#### The problem
Give back every record verbatim, but not the pictures.

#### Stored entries
┌────────

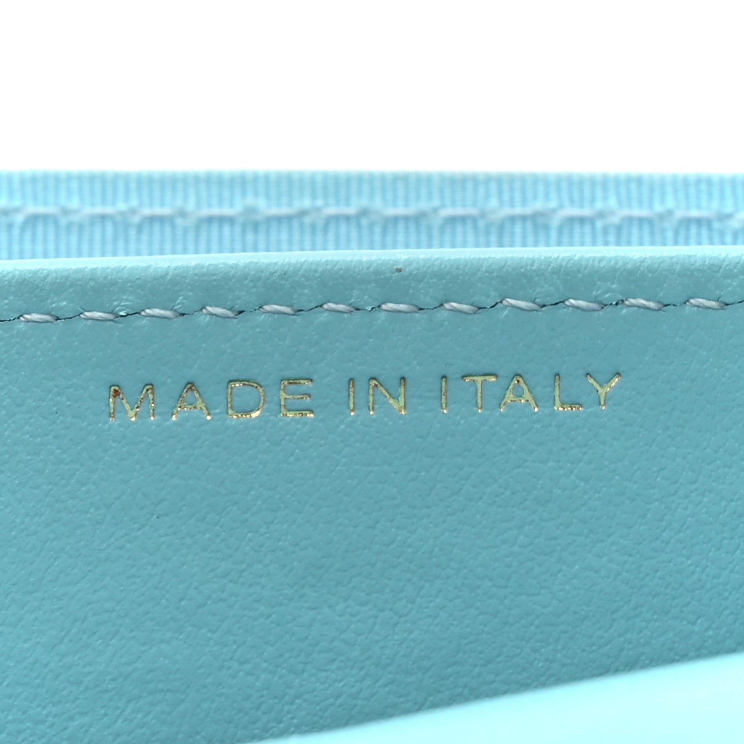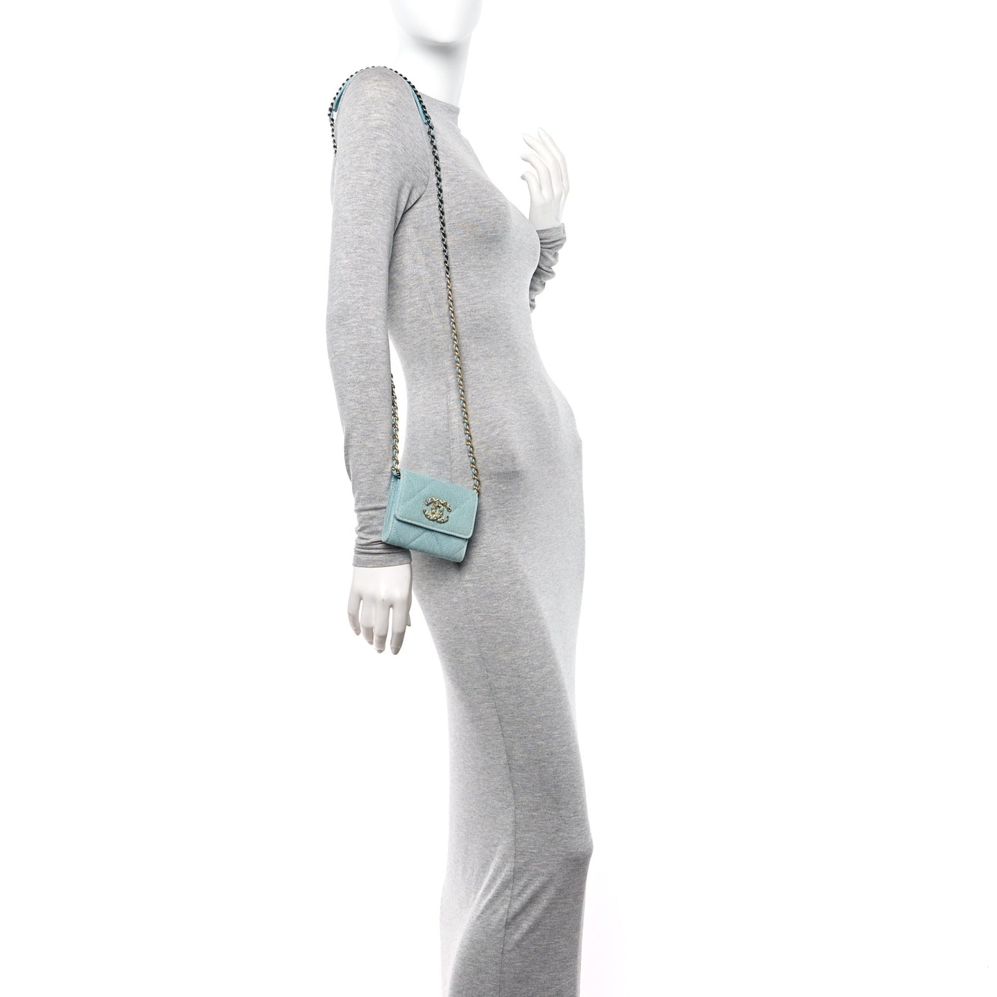 Denim is an authentic CHANEL Lambskin Quilted Chanel 19 Flap Card Holder With Chain in Light Blue. This chic shoulder bag is crafted of blue diamond quilted denim. This handbag features a leather threaded chain-link shoulder strap and a Chanel CC logo on the front. It opens to a partitioned fabric interior.Follow this item for alerts. Chanel is a registered trademark of Chanel. FASHIONPHILE is not affiliated with Chanel.
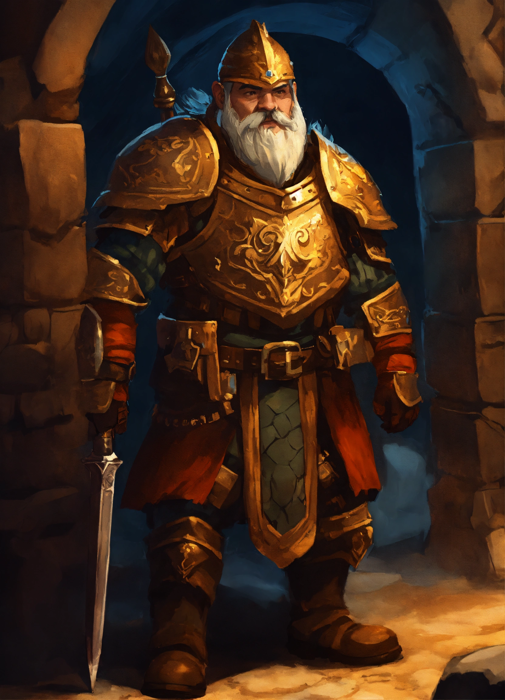 A dwarf soldier with loriga segmentada armour in a underground dwarf castle
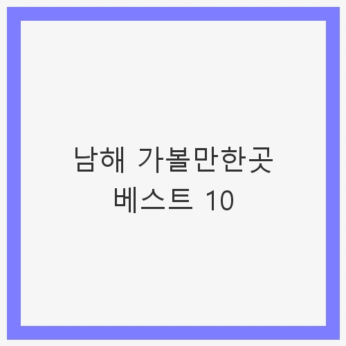 안녕하세요! 오늘은 한국의 아름다운 섬, 남해에서 꼭 가봐야 할 10곳을 소개해드리려고 합니다. 남해는 푸른 바다와 아름다운 자연경관, 그리고 역사적인 유적지가 어우러져 있는 곳으로, 다양한 매력을 지니고 있습니다. 특히 겨울에도 비교적 온화한 날씨를 자랑해 사계절 내내 많은 관광객이 찾아옵니다. 이번 포스팅을 통해 남해의 숨은 보석 같은 명소들을 함께 살펴보도록 하겠습니다.
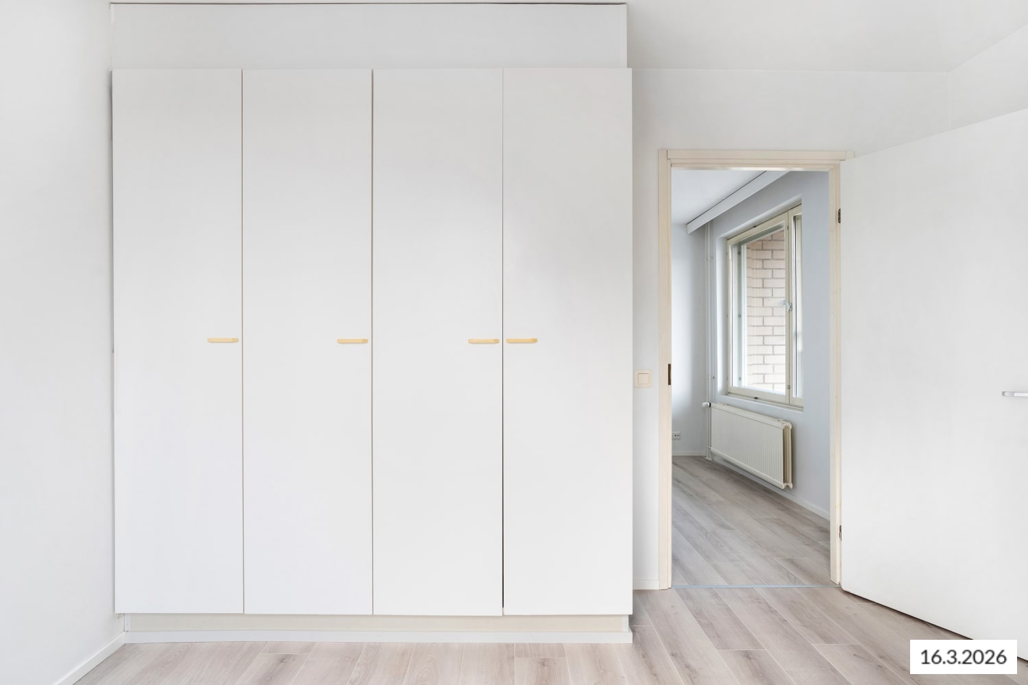 Olohuoneesta on käynti reilun kokoiselle parvekkeelle. Makuuhuoneessa on
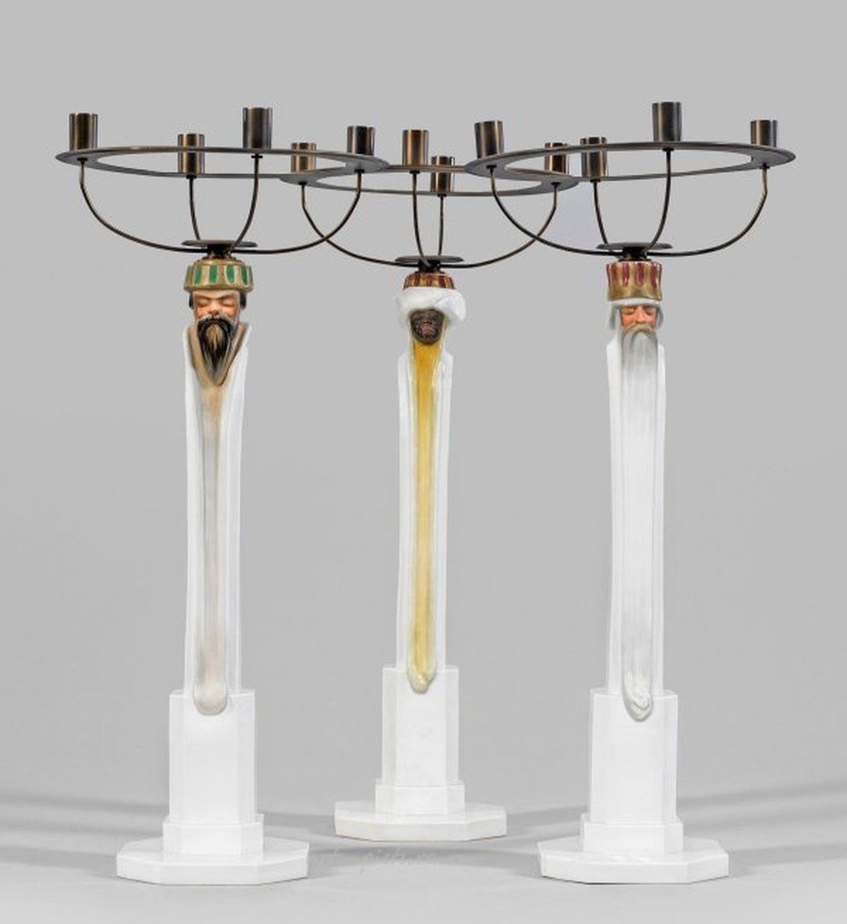 Майссен 1 - или 4-частный; вознесение на ступенчатом восьмиугольном постановлении, тонкий стержень с головой длиннощетинистых мудрецов из востока. Гаспар, Мельхиор и Валтасар с съемными, изогнутыми, четырехгорлыми подсвечниками из латуни. Полихромное роспись с золотыми акцентами. Сделано, возможно, Эрихом Клейнхемпелем в 1903 году. Модель №Т 197. Подсвечник дополнен; марка меча. Высота от 44 см до 55 см. Представленные в текучем, линейном фор-мальном языке фигуры являются замечательным примером майссенского югендстиля и отражают возникающую художественную волю около 1900 года. Фридрих Эрих Клейнхемпель (1874-1947) работал как самостоятельный художник на фарфоровой мануфактуре Майссена. Он учился в Дрезденской школе искусств и ремесел с 1890 по 1893 год, был вовлечен в основание частной художественно-ремесленной школы в Дрезден-Штризене в 1900 году и участвовал в основании Дрезденского художественного объединения в 1909 году. С 1912 года он взял на себя руководство художественно-ремесленной школой и художественно-ремесленным музеем в Бремене. Многогранный Клейнхемпель также разрабатывал ткани, мебель, стекла и обложки книг, среди прочих вещей. В 2000 году мануфактура Майссен вновь представила три подсвечника в стиле югендстиля, входящие в издание "ZeitZeichen". См. Just, Meissen Jugendstil Porcelain, стр. 60; Байер, ZeitZeichen, Майссен Манускрипты XIV, стр. 66; Художественный музей г. Филадельфия, INV. 1964-216-1a, b, 1964-216-2a, b, 1964-216-3a, b. Три подсвечника с отделяемым монтажом, выполненными по модели "Три мудреца" Ф. Э. Клейнхемпеля в 1903 году. Подсвечник дополнен. Марка "перекрещенных мечей". Майссен. Около 1903 года.

└────────

#### Response to the task
 Denim is an authentic CHANEL Lambskin Quilted Chanel 19 Flap Card Holder With Chain in Light Blue. This chic shoulder bag is crafted of blue diamond quilted denim. This handbag features a leather threaded chain-link shoulder strap and a Chanel CC logo on the front. It opens to a partitioned fabric interior.Follow this item for alerts. Chanel is a registered trademark of Chanel. FASHIONPHILE is not affiliated with Chanel.
 A dwarf soldier with loriga segmentada armour in a underground dwarf castle
 안녕하세요! 오늘은 한국의 아름다운 섬, 남해에서 꼭 가봐야 할 10곳을 소개해드리려고 합니다. 남해는 푸른 바다와 아름다운 자연경관, 그리고 역사적인 유적지가 어우러져 있는 곳으로, 다양한 매력을 지니고 있습니다. 특히 겨울에도 비교적 온화한 날씨를 자랑해 사계절 내내 많은 관광객이 찾아옵니다. 이번 포스팅을 통해 남해의 숨은 보석 같은 명소들을 함께 살펴보도록 하겠습니다.
 Olohuoneesta on käynti reilun kokoiselle parvekkeelle. Makuuhuoneessa on
 Майссен 1 - или 4-частный; вознесение на ступенчатом восьмиугольном постановлении, тонкий стержень с головой длиннощетинистых мудрецов из востока. Гаспар, Мельхиор и Валтасар с съемными, изогнутыми, четырехгорлыми подсвечниками из латуни. Полихромное роспись с золотыми акцентами. Сделано, возможно, Эрихом Клейнхемпелем в 1903 году. Модель №Т 197. Подсвечник дополнен; марка меча. Высота от 44 см до 55 см. Представленные в текучем, линейном фор-мальном языке фигуры являются замечательным примером майссенского югендстиля и отражают возникающую художественную волю около 1900 года. Фридрих Эрих Клейнхемпель (1874-1947) работал как самостоятельный художник на фарфоровой мануфактуре Майссена. Он учился в Дрезденской школе искусств и ремесел с 1890 по 1893 год, был вовлечен в основание частной художественно-ремесленной школы в Дрезден-Штризене в 1900 году и участвовал в основании Дрезденского художественного объединения в 1909 году. С 1912 года он взял на себя руководство художественно-ремесленной школой и художественно-ремесленным музеем в Бремене. Многогранный Клейнхемпель также разрабатывал ткани, мебель, стекла и обложки книг, среди прочих вещей. В 2000 году мануфактура Майссен вновь представила три подсвечника в стиле югендстиля, входящие в издание "ZeitZeichen". См. Just, Meissen Jugendstil Porcelain, стр. 60; Байер, ZeitZeichen, Майссен Манускрипты XIV, стр. 66; Художественный музей г. Филадельфия, INV. 1964-216-1a, b, 1964-216-2a, b, 1964-216-3a, b. Три подсвечника с отделяемым монтажом, выполненными по модели "Три мудреца" Ф. Э. Клейнхемпеля в 1903 году. Подсвечник дополнен. Марка "перекрещенных мечей". Майссен. Около 1903 года.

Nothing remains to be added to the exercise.